GIVEN RECORDS >>
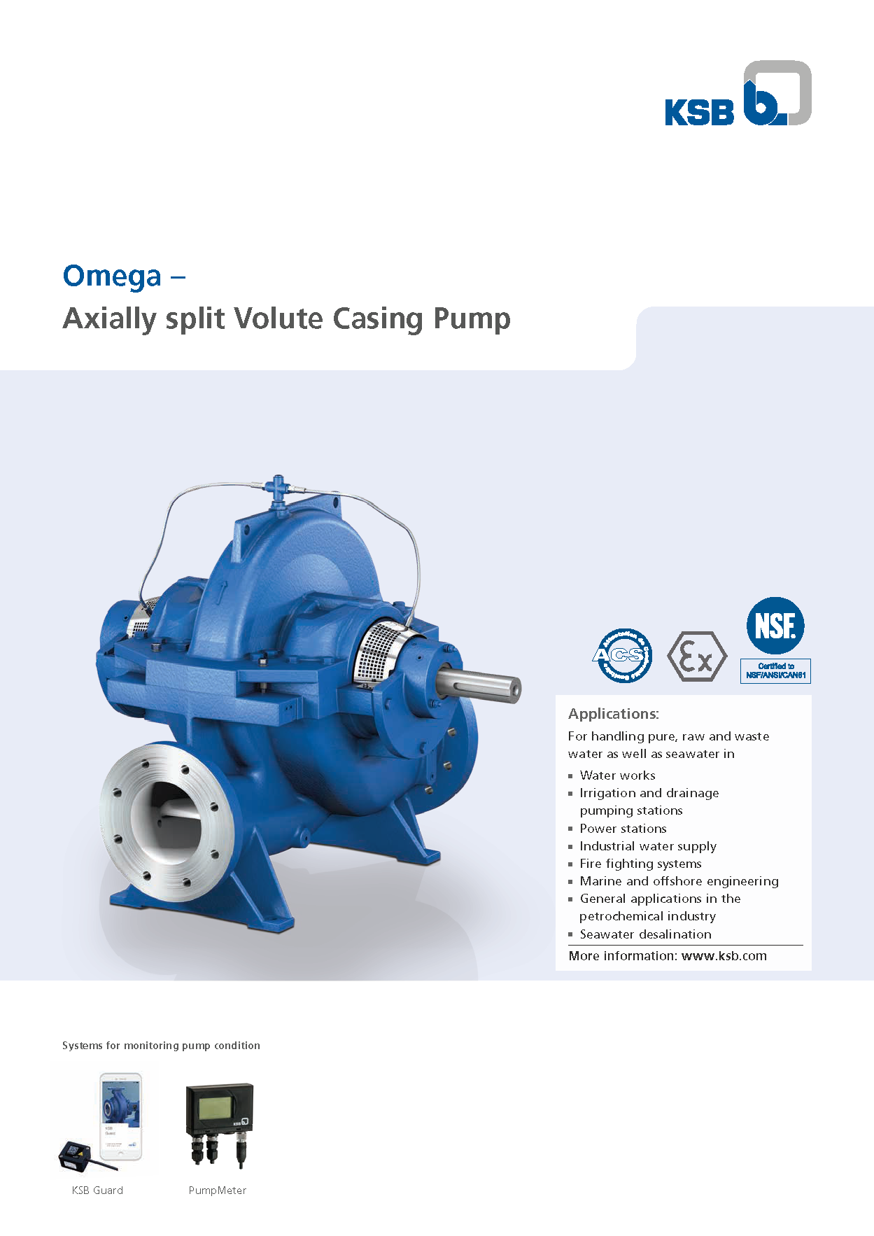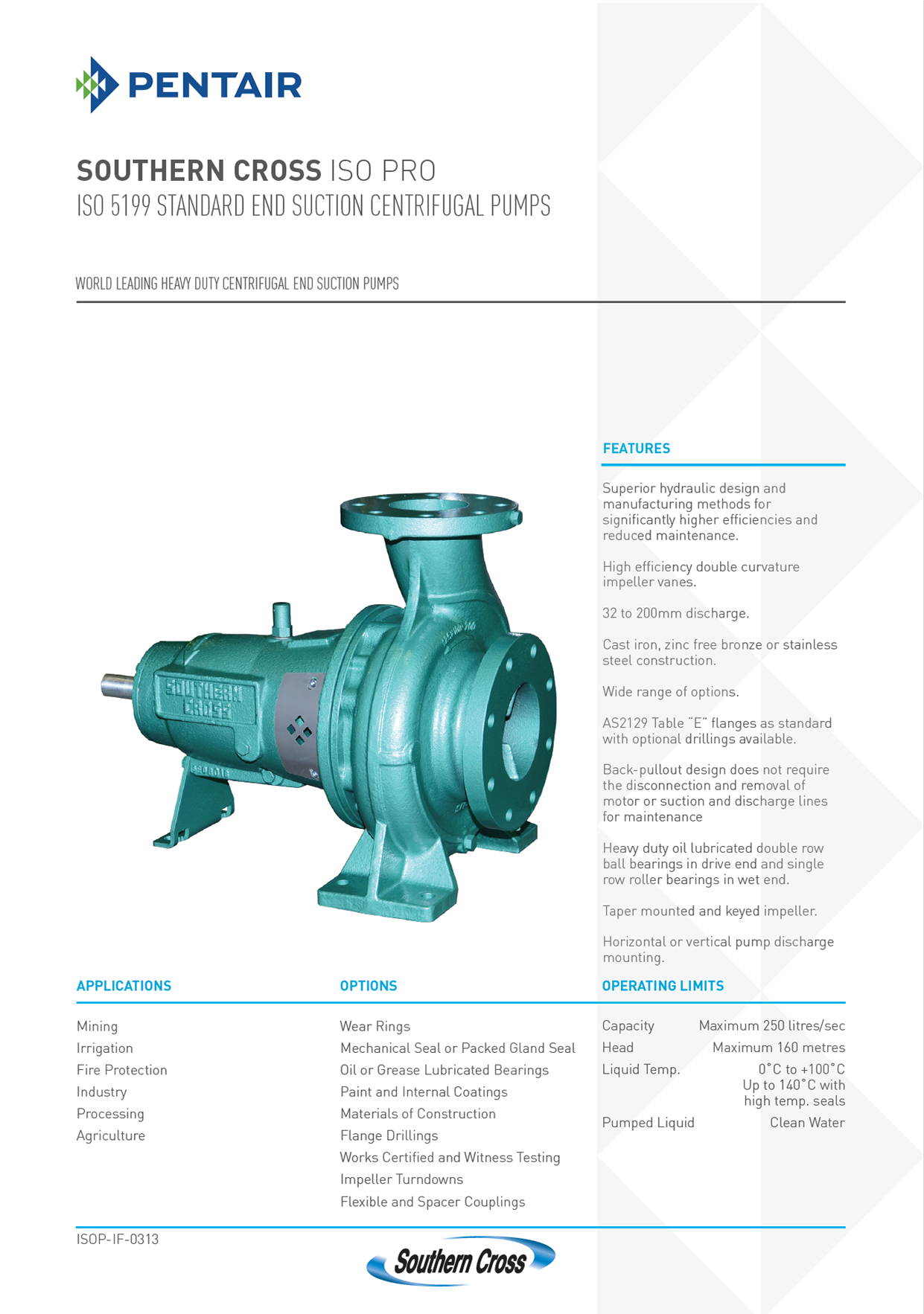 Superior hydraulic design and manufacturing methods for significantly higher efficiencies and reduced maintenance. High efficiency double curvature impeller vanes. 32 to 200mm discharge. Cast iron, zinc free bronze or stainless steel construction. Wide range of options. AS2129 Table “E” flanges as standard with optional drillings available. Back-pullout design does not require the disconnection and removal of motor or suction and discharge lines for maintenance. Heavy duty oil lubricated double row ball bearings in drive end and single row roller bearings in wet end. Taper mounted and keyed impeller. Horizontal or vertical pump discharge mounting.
--
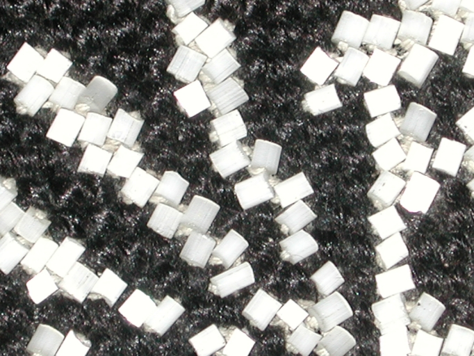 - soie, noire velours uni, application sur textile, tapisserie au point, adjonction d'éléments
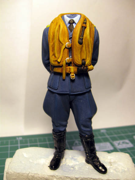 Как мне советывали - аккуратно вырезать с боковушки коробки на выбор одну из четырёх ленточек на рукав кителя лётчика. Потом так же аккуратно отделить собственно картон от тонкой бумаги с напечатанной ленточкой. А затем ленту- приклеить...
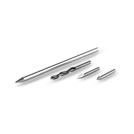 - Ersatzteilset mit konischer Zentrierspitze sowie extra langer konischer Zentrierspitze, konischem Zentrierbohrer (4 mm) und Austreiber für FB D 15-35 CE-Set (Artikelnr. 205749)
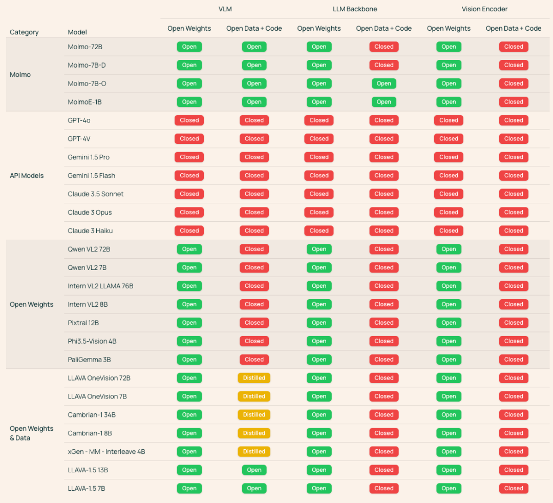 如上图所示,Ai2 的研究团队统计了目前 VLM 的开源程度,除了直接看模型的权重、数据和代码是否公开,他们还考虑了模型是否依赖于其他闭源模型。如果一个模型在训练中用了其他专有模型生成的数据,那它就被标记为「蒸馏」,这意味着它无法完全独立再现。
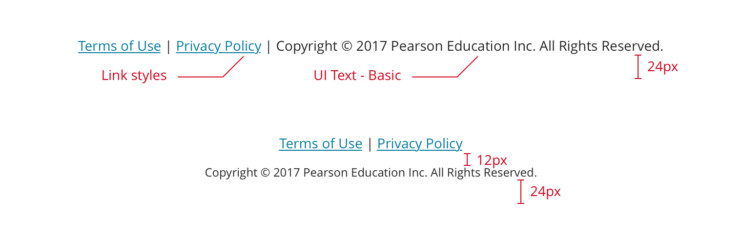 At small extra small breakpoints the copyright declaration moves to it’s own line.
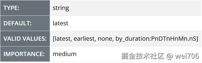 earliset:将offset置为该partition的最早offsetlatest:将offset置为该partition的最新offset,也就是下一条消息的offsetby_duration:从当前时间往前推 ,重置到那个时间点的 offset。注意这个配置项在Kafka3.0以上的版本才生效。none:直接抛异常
==
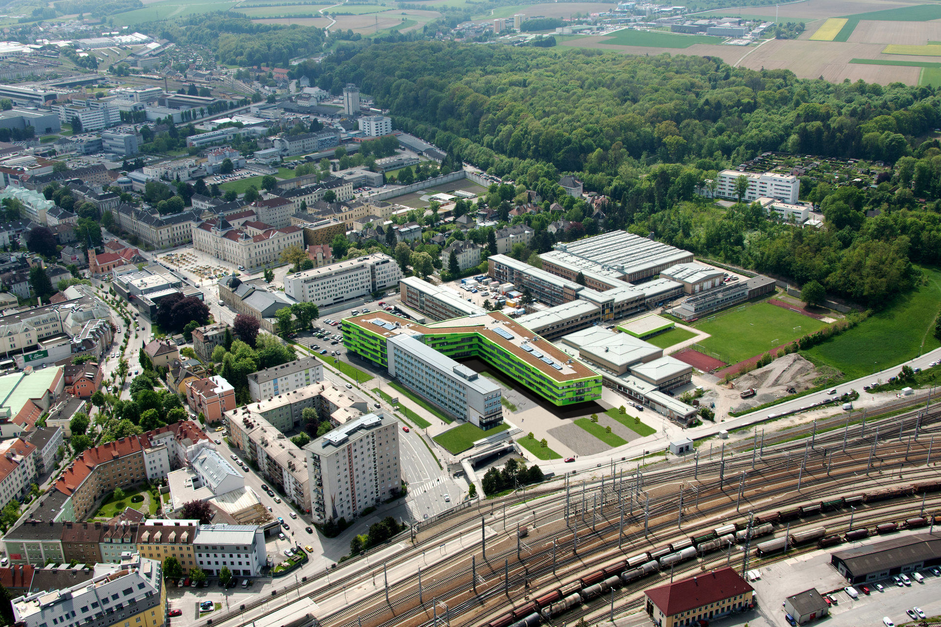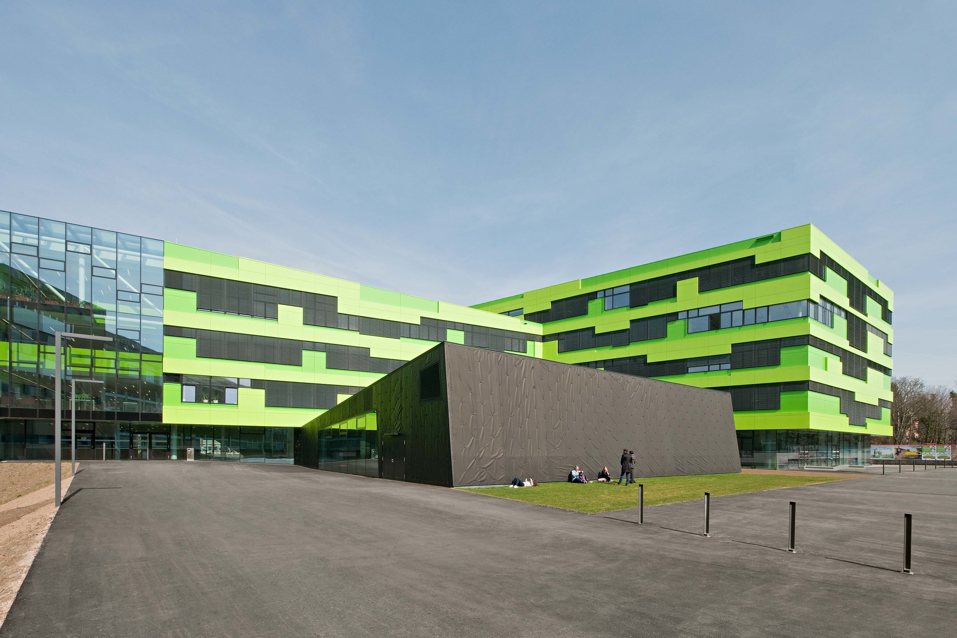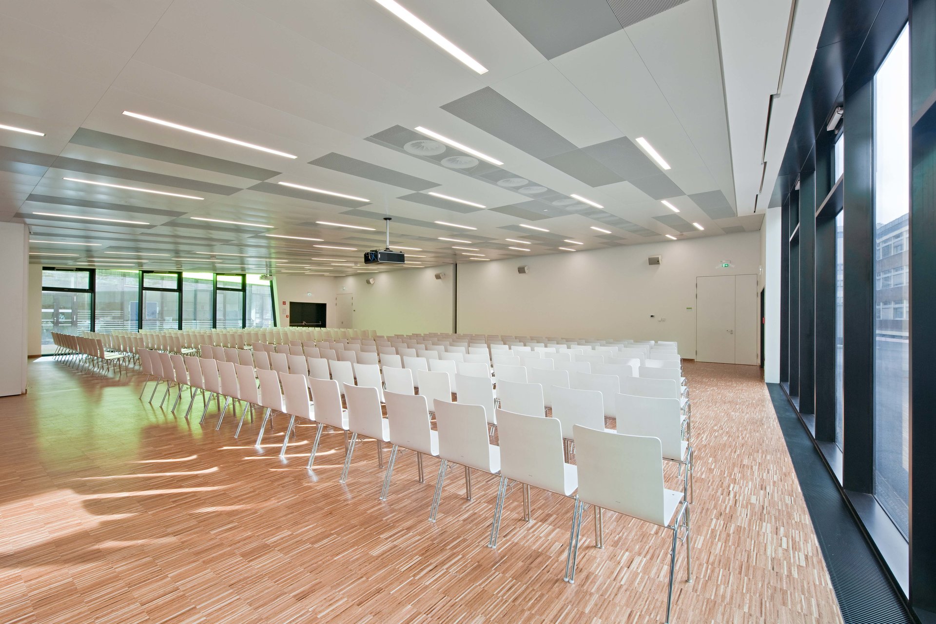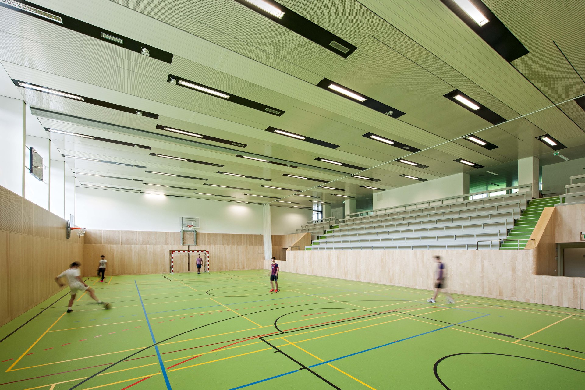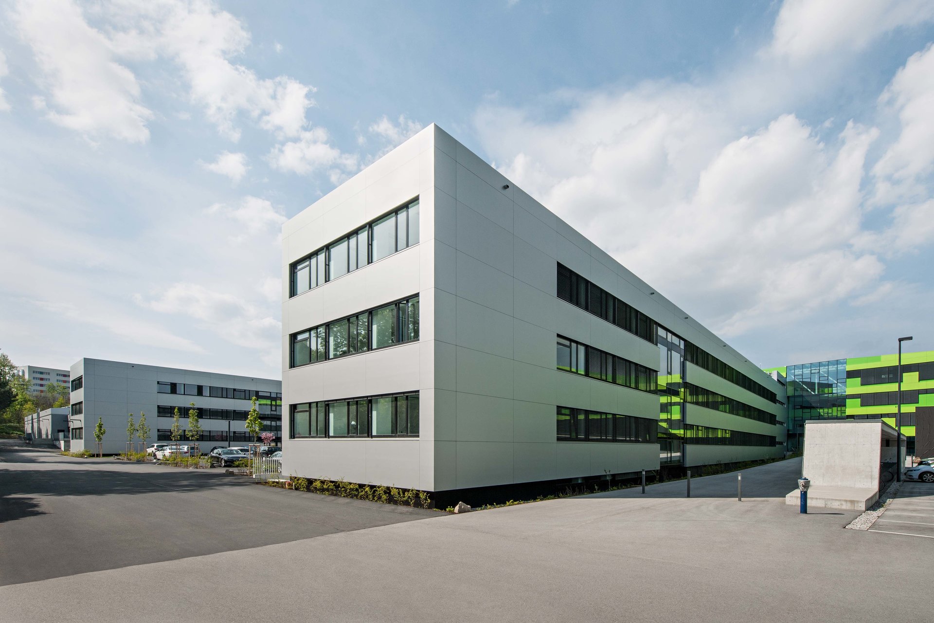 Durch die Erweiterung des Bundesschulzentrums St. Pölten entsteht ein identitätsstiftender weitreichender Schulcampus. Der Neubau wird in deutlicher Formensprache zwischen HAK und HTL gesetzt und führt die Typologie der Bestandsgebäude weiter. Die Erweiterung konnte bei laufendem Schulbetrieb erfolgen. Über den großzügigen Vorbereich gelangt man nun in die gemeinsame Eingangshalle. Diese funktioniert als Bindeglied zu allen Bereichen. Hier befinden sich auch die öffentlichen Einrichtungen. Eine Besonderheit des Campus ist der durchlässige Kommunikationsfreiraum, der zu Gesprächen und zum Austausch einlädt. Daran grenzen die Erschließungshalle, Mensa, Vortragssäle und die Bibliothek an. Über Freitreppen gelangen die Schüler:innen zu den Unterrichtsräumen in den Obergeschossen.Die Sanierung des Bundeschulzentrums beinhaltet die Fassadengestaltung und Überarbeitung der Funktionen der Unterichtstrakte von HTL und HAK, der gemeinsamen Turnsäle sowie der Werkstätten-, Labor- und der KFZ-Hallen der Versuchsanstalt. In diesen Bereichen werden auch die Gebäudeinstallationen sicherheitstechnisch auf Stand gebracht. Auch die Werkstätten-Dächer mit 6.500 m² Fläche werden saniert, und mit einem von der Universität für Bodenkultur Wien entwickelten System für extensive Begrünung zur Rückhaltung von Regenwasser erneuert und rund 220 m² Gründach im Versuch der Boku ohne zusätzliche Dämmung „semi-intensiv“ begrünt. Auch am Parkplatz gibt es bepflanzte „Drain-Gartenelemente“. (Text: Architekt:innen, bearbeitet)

TASK STATEMENT >>
Please output, exactly as written, the lines above from the one holding "- soie, noire" through the one holding "At small extra", both included, with the pictures omitted.

RESPONSE BELOW >>
 - soie, noire velours uni, application sur textile, tapisserie au point, adjonction d'éléments
 Как мне советывали - аккуратно вырезать с боковушки коробки на выбор одну из четырёх ленточек на рукав кителя лётчика. Потом так же аккуратно отделить собственно картон от тонкой бумаги с напечатанной ленточкой. А затем ленту- приклеить...
 - Ersatzteilset mit konischer Zentrierspitze sowie extra langer konischer Zentrierspitze, konischem Zentrierbohrer (4 mm) und Austreiber für FB D 15-35 CE-Set (Artikelnr. 205749)
 如上图所示,Ai2 的研究团队统计了目前 VLM 的开源程度,除了直接看模型的权重、数据和代码是否公开,他们还考虑了模型是否依赖于其他闭源模型。如果一个模型在训练中用了其他专有模型生成的数据,那它就被标记为「蒸馏」,这意味着它无法完全独立再现。
 At small extra small breakpoints the copyright declaration moves to it’s own line.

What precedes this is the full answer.